— EXERCISE INSTRUCTIONS —
Could you write out every record below exactly, leaving the pictures out?

══ LISTED RECORDS ══

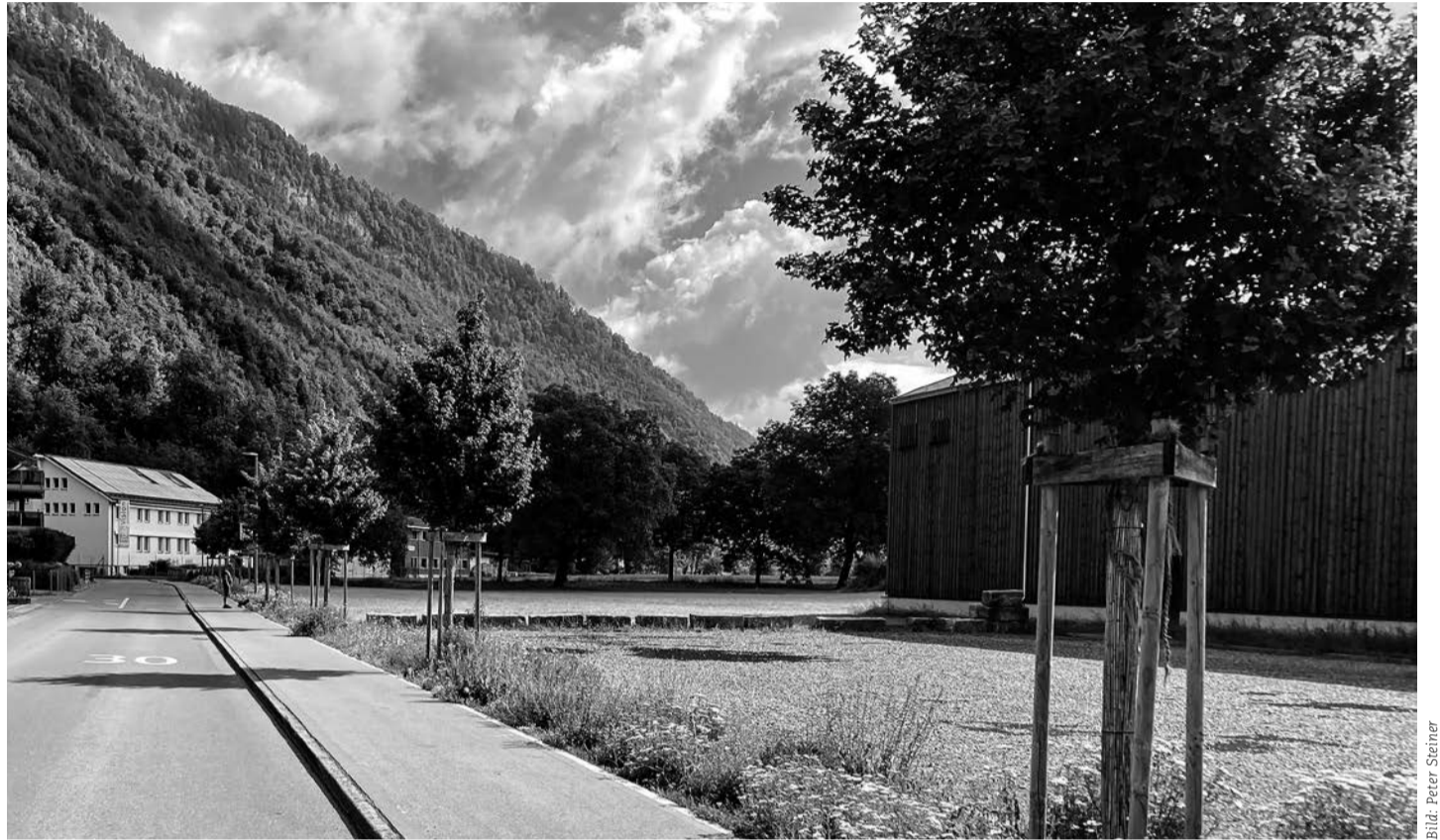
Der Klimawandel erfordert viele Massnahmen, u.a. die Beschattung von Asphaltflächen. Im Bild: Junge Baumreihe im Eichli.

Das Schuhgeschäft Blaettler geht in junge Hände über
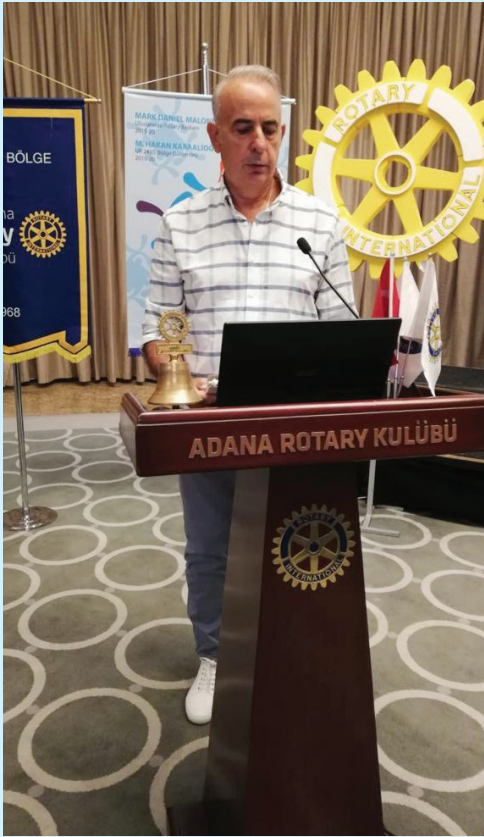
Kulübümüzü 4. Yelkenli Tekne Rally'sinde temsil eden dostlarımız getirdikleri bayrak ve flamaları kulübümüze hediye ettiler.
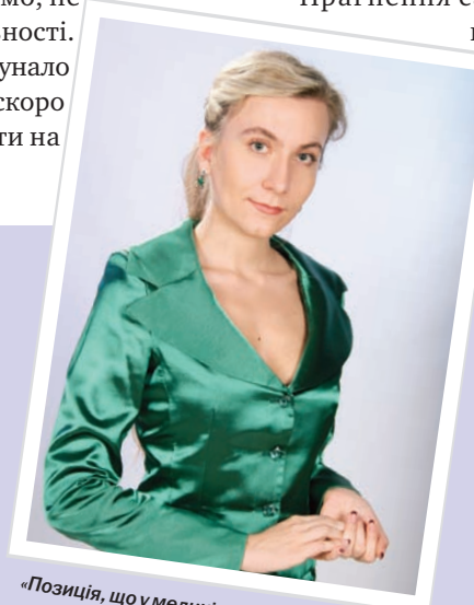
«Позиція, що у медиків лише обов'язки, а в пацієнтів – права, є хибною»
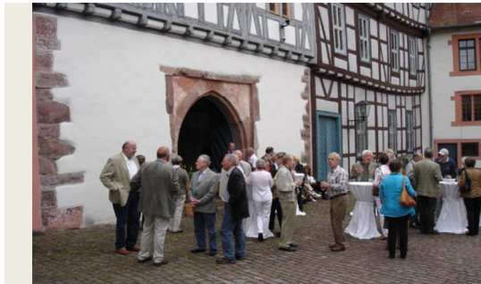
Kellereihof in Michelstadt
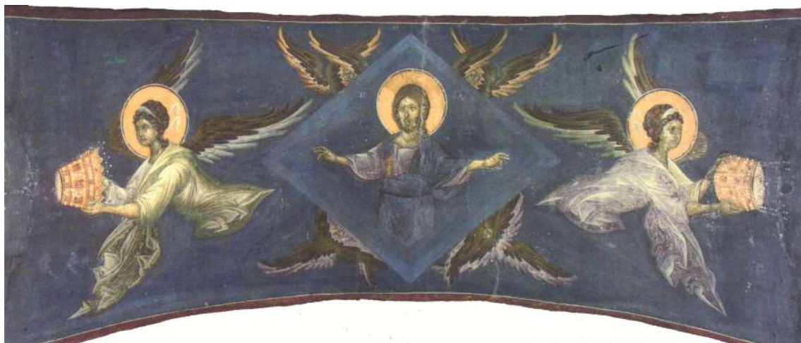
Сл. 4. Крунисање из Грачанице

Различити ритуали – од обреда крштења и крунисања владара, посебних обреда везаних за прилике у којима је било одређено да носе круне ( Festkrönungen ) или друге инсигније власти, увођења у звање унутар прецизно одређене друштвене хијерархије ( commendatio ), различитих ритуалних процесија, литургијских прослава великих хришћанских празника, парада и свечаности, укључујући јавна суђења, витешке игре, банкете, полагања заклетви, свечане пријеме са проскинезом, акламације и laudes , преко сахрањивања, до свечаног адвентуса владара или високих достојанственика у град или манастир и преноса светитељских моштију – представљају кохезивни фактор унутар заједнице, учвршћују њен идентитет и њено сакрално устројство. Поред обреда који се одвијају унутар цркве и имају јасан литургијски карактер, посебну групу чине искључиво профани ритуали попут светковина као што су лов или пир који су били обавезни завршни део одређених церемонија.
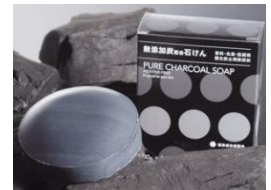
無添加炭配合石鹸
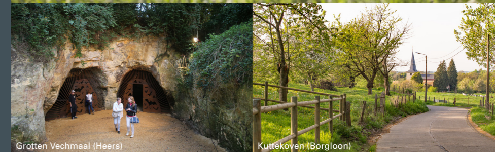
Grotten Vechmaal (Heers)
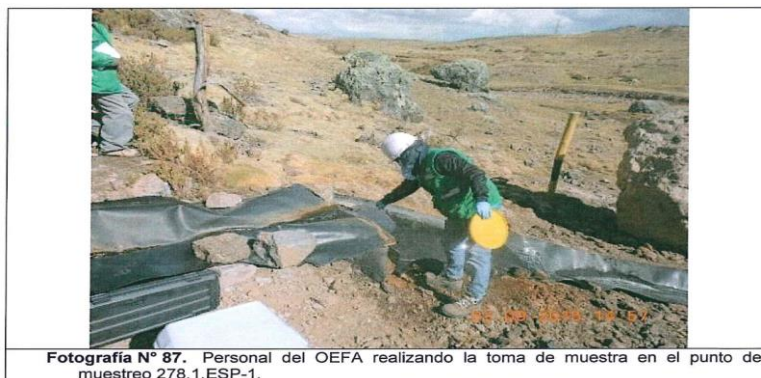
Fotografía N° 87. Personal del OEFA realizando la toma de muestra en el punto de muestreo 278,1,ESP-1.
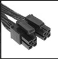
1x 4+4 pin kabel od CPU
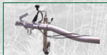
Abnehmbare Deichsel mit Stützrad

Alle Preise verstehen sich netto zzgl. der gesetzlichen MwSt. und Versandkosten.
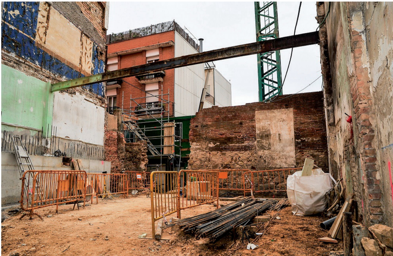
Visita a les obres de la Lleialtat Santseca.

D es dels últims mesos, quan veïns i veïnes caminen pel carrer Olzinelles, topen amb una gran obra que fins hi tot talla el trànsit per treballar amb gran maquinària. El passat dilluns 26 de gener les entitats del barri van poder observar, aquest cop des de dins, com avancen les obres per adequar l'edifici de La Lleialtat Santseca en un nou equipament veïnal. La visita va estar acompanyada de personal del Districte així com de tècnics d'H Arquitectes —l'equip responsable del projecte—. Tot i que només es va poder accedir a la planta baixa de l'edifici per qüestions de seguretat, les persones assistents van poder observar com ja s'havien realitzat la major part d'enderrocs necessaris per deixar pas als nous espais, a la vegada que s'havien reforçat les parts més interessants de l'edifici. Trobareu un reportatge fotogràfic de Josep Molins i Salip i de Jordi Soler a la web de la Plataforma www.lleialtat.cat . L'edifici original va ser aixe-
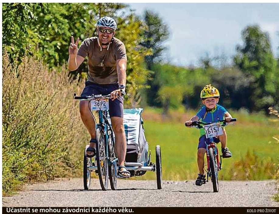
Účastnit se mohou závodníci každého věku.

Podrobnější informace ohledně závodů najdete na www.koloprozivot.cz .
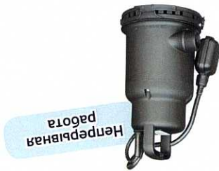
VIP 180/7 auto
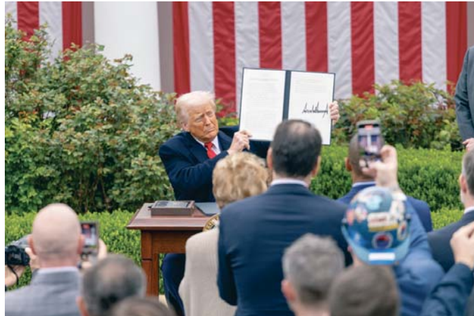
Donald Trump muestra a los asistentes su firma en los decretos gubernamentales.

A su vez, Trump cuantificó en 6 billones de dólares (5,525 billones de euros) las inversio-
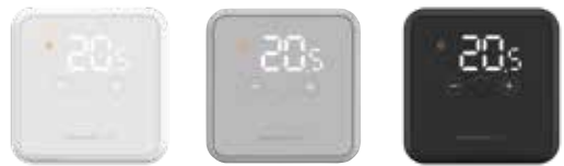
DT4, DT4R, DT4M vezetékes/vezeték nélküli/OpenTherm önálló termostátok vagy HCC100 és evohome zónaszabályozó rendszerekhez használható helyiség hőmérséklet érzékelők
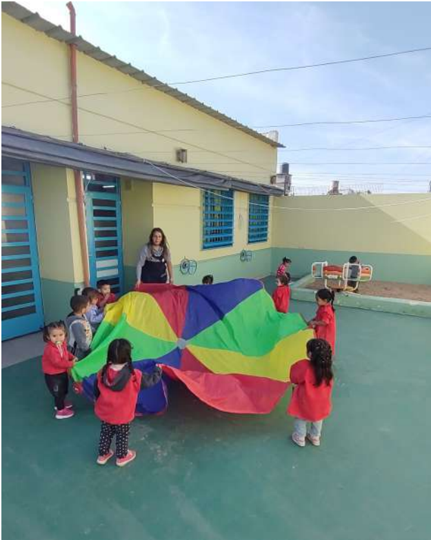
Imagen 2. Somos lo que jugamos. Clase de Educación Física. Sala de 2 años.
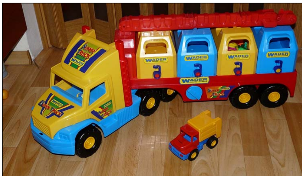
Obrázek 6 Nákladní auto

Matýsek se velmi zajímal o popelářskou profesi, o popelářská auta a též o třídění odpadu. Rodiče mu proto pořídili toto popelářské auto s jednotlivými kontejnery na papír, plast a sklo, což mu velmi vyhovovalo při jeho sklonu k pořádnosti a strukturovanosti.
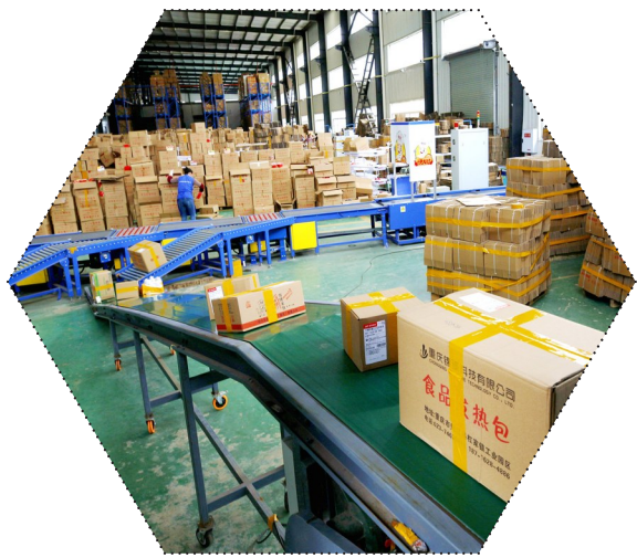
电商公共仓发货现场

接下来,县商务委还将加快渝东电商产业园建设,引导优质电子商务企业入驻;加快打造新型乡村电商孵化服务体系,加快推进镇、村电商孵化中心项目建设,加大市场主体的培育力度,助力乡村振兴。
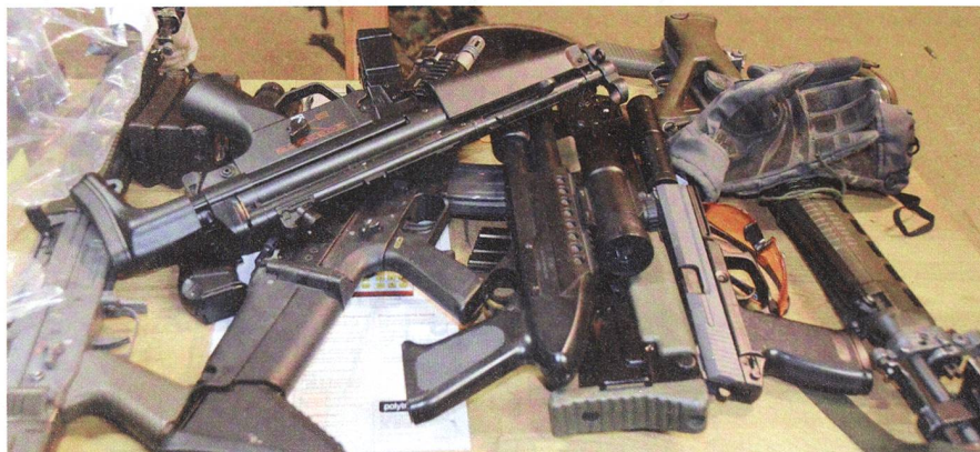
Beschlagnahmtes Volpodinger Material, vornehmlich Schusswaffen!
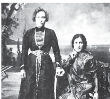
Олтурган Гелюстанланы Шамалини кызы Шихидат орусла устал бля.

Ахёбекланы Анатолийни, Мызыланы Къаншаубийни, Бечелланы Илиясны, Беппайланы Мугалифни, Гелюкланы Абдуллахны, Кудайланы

═══

— TASK SOLUTION —
Der Klimawandel erfordert viele Massnahmen, u.a. die Beschattung von Asphaltflächen. Im Bild: Junge Baumreihe im Eichli.

Das Schuhgeschäft Blaettler geht in junge Hände über
Kulübümüzü 4. Yelkenli Tekne Rally'sinde temsil eden dostlarımız getirdikleri bayrak ve flamaları kulübümüze hediye ettiler.
«Позиція, що у медиків лише обов'язки, а в пацієнтів – права, є хибною»
Kellereihof in Michelstadt
Сл. 4. Крунисање из Грачанице

Различити ритуали – од обреда крштења и крунисања владара, посебних обреда везаних за прилике у којима је било одређено да носе круне ( Festkrönungen ) или друге инсигније власти, увођења у звање унутар прецизно одређене друштвене хијерархије ( commendatio ), различитих ритуалних процесија, литургијских прослава великих хришћанских празника, парада и свечаности, укључујући јавна суђења, витешке игре, банкете, полагања заклетви, свечане пријеме са проскинезом, акламације и laudes , преко сахрањивања, до свечаног адвентуса владара или високих достојанственика у град или манастир и преноса светитељских моштију – представљају кохезивни фактор унутар заједнице, учвршћују њен идентитет и њено сакрално устројство. Поред обреда који се одвијају унутар цркве и имају јасан литургијски карактер, посебну групу чине искључиво профани ритуали попут светковина као што су лов или пир који су били обавезни завршни део одређених церемонија.
無添加炭配合石鹸
Grotten Vechmaal (Heers)
Fotografía N° 87. Personal del OEFA realizando la toma de muestra en el punto de muestreo 278,1,ESP-1.
1x 4+4 pin kabel od CPU
Abnehmbare Deichsel mit Stützrad

Alle Preise verstehen sich netto zzgl. der gesetzlichen MwSt. und Versandkosten.
Visita a les obres de la Lleialtat Santseca.

D es dels últims mesos, quan veïns i veïnes caminen pel carrer Olzinelles, topen amb una gran obra que fins hi tot talla el trànsit per treballar amb gran maquinària. El passat dilluns 26 de gener les entitats del barri van poder observar, aquest cop des de dins, com avancen les obres per adequar l'edifici de La Lleialtat Santseca en un nou equipament veïnal. La visita va estar acompanyada de personal del Districte així com de tècnics d'H Arquitectes —l'equip responsable del projecte—. Tot i que només es va poder accedir a la planta baixa de l'edifici per qüestions de seguretat, les persones assistents van poder observar com ja s'havien realitzat la major part d'enderrocs necessaris per deixar pas als nous espais, a la vegada que s'havien reforçat les parts més interessants de l'edifici. Trobareu un reportatge fotogràfic de Josep Molins i Salip i de Jordi Soler a la web de la Plataforma www.lleialtat.cat . L'edifici original va ser aixe-
Účastnit se mohou závodníci každého věku.

Podrobnější informace ohledně závodů najdete na www.koloprozivot.cz .
VIP 180/7 auto
Donald Trump muestra a los asistentes su firma en los decretos gubernamentales.

A su vez, Trump cuantificó en 6 billones de dólares (5,525 billones de euros) las inversio-
DT4, DT4R, DT4M vezetékes/vezeték nélküli/OpenTherm önálló termostátok vagy HCC100 és evohome zónaszabályozó rendszerekhez használható helyiség hőmérséklet érzékelők
Imagen 2. Somos lo que jugamos. Clase de Educación Física. Sala de 2 años.
Obrázek 6 Nákladní auto

Matýsek se velmi zajímal o popelářskou profesi, o popelářská auta a též o třídění odpadu. Rodiče mu proto pořídili toto popelářské auto s jednotlivými kontejnery na papír, plast a sklo, což mu velmi vyhovovalo při jeho sklonu k pořádnosti a strukturovanosti.
电商公共仓发货现场

接下来,县商务委还将加快渝东电商产业园建设,引导优质电子商务企业入驻;加快打造新型乡村电商孵化服务体系,加快推进镇、村电商孵化中心项目建设,加大市场主体的培育力度,助力乡村振兴。
Beschlagnahmtes Volpodinger Material, vornehmlich Schusswaffen!
Олтурган Гелюстанланы Шамалини кызы Шихидат орусла устал бля.

Ахёбекланы Анатолийни, Мызыланы Къаншаубийни, Бечелланы Илиясны, Беппайланы Мугалифни, Гелюкланы Абдуллахны, Кудайланы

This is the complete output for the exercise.